Decidir ente Camilo Rego e Gabriel Tavares, é muito mais do que escolher uma cor ou um partido. É escolher os nossos, presente e futuro.

Sábado, 3 de Outubro de 2009

Ademais, parece-me pura perda de tempo ensinar a tabuada a bestas

Queria aqui deixar claro que todos os candidatos me merecem respeito. O que já me não merece o mesmo respeito, é receberem subvenções, senhas de presença e outras mordomias, sem fazerem a ponta de um corno, nem mesmo um pequeno esforço para amanharem um programita minimamente consistente.

ora, o estado da coisa

é o seguinte: Em Oeiras, dois grupos de patetas desentenderam-se por causa de um gajo condenado a 7 anos de prisão efectiva, por se abotoar a dinheiros públicos, e que se candidata novamente, para continuar a ter acesso aos ditos. Tudo legal, moralmente dentro da normalidade da ética republicana e essas coisas.

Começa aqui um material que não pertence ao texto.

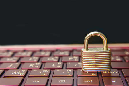 The silver padlock on keyboard laptop. The computer is cyber security.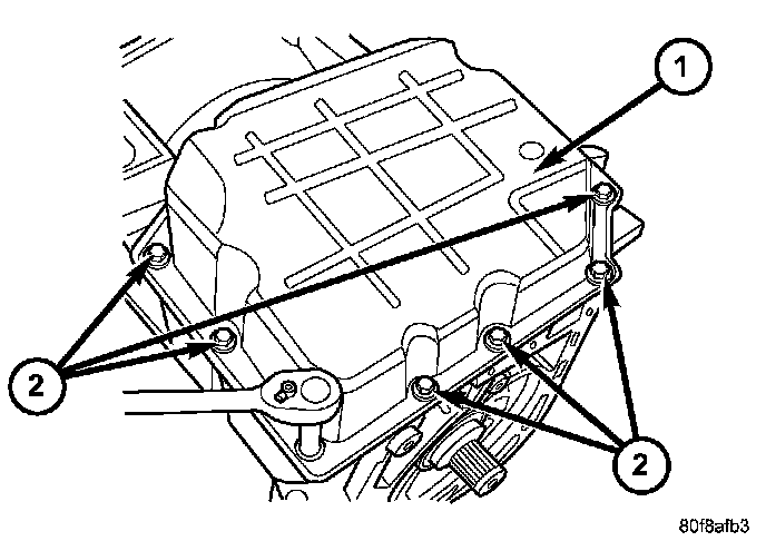 3. Make sure oil pan (1) and case rail are clean and dry. Install an 1/8" bead of RTV to the transmission oil pan and install to case. Tighten bolts (2) to 20 Nm (14.5 ft. lbs.).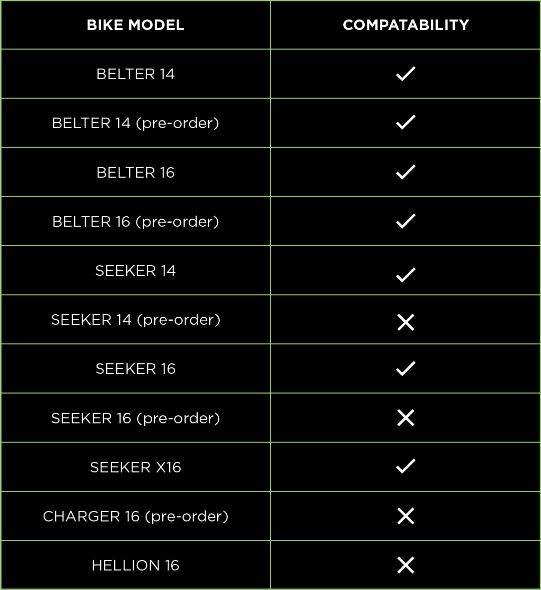 - Fits all 14/16" Seeker and Belter models featuring our V4 forged vertical dropout plates. (M6 or QR compatible) - Back to approx 2015 models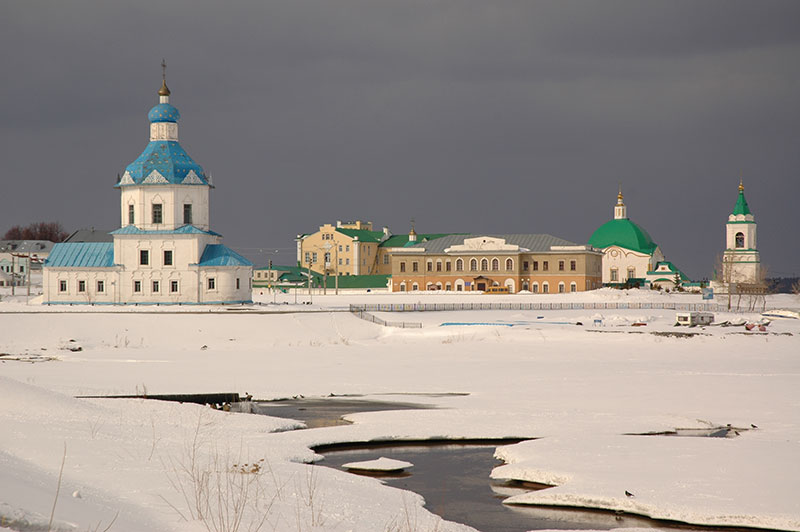 Cheboksary, named Shupashkar in Chuvash, was established as a Russian city in the mid-sixteenth century, on the site of what was most likely an earlier Bulgar settlement. Dimitry shows me around his native city which is attractively sited on the right bank of the Volga, here an endless white plain across which a few souls make the three kilometre hike from the opposite bank while large snow-clouds move in from the east. Unusually for a Turkic nation, the Chuvash are largely Orthodox Christian (with a minority following the traditional Chuvash animist religion) which results in a proliferation of churches in the city, especially in the now frozen Cheboksary Bay area, though all are purely Russian in style (and rite). While there is nothing in Cheboksary’s urban architecture which obviously distinguishes its non-Russian character, there is nevertheless at least something palpably vital about the Chuvash culture, lying somewhere between the near assimilation of the Mordvins, and the outright cultural assertiveness of the nearby Tatars.

Quinta-feira, 1 de Outubro de 2009

com tantos tiros nos pés,

hoje é que os candidatos, verdadeiramente, sentem a falta das urgências do HVS.

atenção aos sapatos

A tal lista de tópicos, está a ser publicada no blog do melhor caminho, às mijinhas e respectivas pinguinhas.

caridade,

seria explicar aos senhores da CDU que, como em tudo na vida, para alargar o eleitorado, e ter mais votos, e ganhar influência e eleger representantes, é preciso trabalhar p’ra coisa.

Assim umas frases vagamente ligadas, atiradas em meia página de jornal, por alturas de eleições, em meia dúzia de palavras piedosas, é curtito.

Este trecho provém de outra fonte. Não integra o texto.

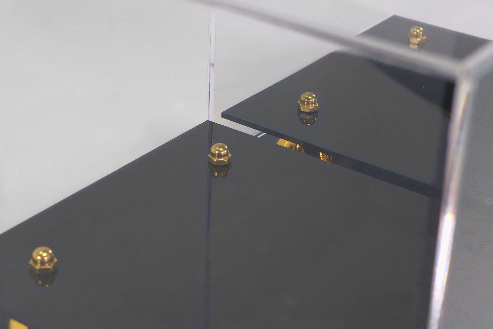 - Our hat display case is made from durable, high-quality crystal clear acrylic. Equipped with a flawless mirrored rear side, providing a fuller appearance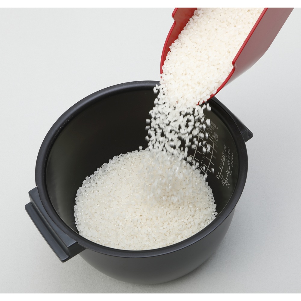 米受けの先端が尖っているため、炊飯釜に投入する際もこぼれにくい形状になっています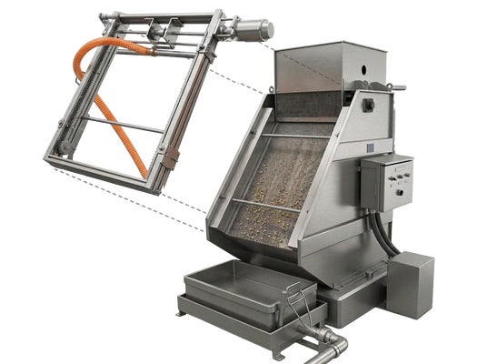 本製品は、食品加工工場における排水処理工程の清掃作業効率化と目詰まり防止を目的に開発され、これまで人手に頼っていたスクリーン清掃作業の自動化を実現します。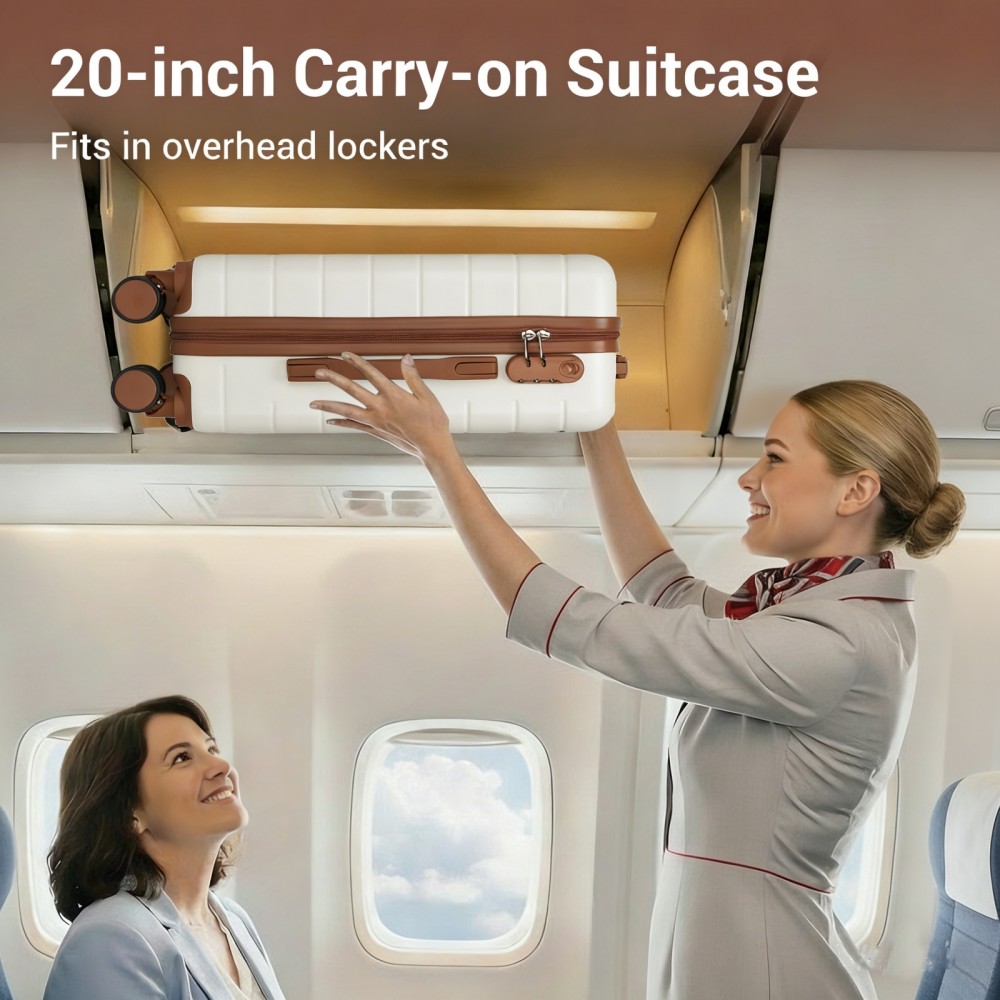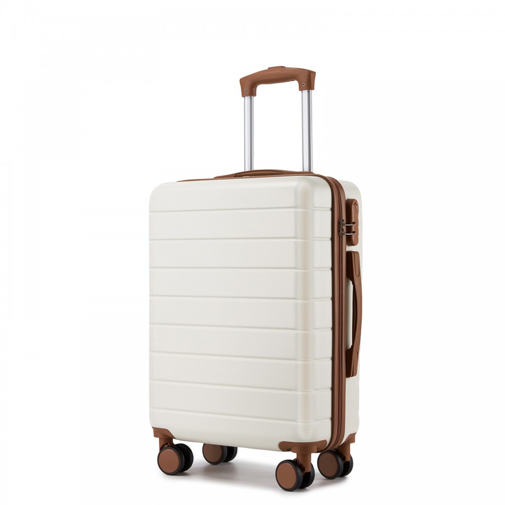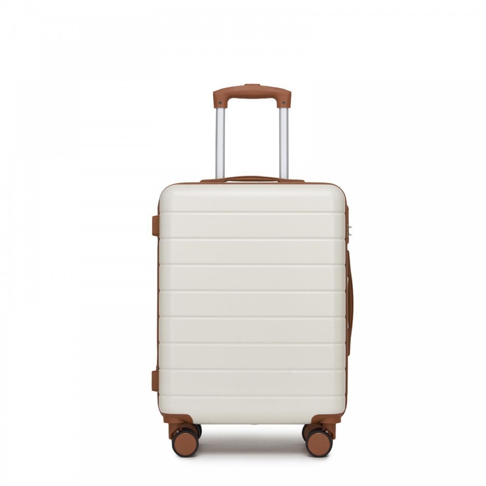 KSN2691 - 20 Zoll Handgepäckkoffer, leichter ABS-Hartschalenkoffer mit 360° lautlosen Rädern, Zahlenschloss und übersichtlichem Innenraum - Creme und Braun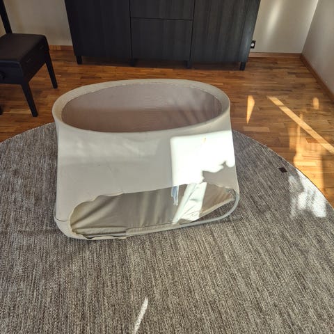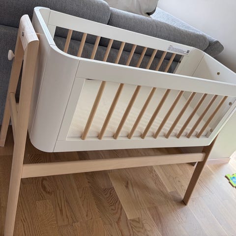 Stokke Vugge barnemøbel i lys farge. Designet for barn med sikkerhetssele og myke materialer. Brukes som en trygg soveplass for små barn.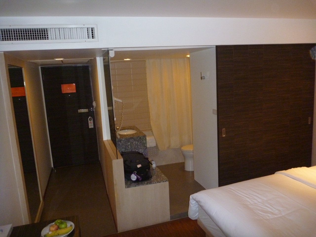 ルームキーでドアを開けて部屋に入り「省エネスイッチ」という鍵穴に差し込んでひねると部屋の電源が入るという一昔前のビジネスホテルのシステムです。カードキー等のスマートな形態ではなく、外出のたびにフロントへ鍵を預けることになります。部屋は標準的なビジネスホテルより少々狭い感じがします。トランクを開けるときにビジネスホテルでよく見かける折り畳み式の台はありませんので、床で広げるしかありませんでした。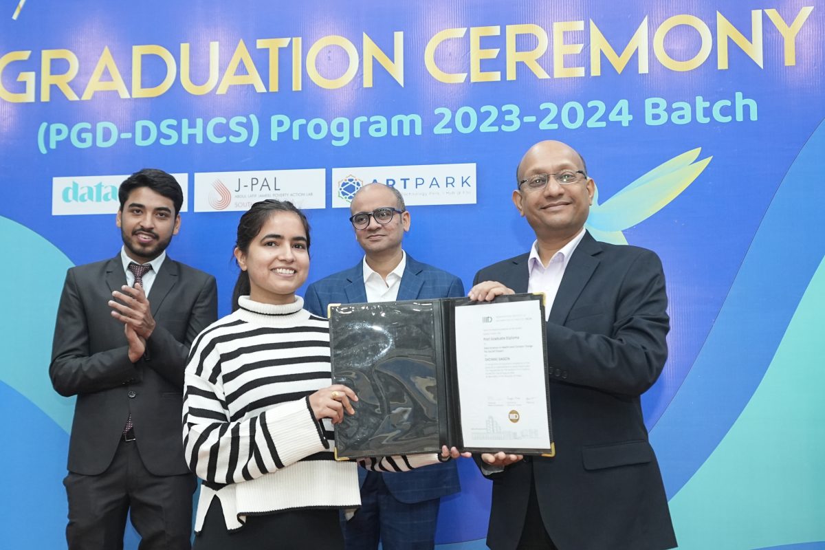 Shivam Shukla, Shivani Gagein, Tikesh Bisen, and Ranjan Bose, at CAN India partner, IIIT Delhi’s graduation ceremony for the Postgraduate Certificate in Data for Social Impact (Climate & Health) program.

Nem que fosse só para justificar os 75 €, o pessoal devia fazer de conta que faz oposição, que apresenta propostas sustentáveis, que as divulga, que trabalha num programa consequente, e o explica a estúpidos.

A dar beijinhos ao operariado, o Jerónimo já levou o partido à honrosa posição de último. E é mesmo muito provável que em próximas eleições, vá fazer companhia ao MRPP.

começo agora a perceber por que razão não há programas para ninguém

Li as entrevistas que os três candidatos a Estarreja, deram ao Jornal da terra. Prosa de grande qualidade, com evidente vantagem para a CDU. Do best!

Certamente por piedade, mão amiga fez-me chegar uma longa lista de tópicos, entendida por Programa de candidatura da coligação “o melhor caminho”.

Vou agora ver se meto uma cunha para aceder igualmente ao “futuro feliz”.

Como se percebe, estou prestes a entrar na clandestinidade. Um estúpido normal, pensa que os candidatos têm projectos e programas e visões e metas e objectivos e que tudo fará para que os estúpidos entendam a benevolência das suas propostas.

Errado. É por isso que são estúpidos.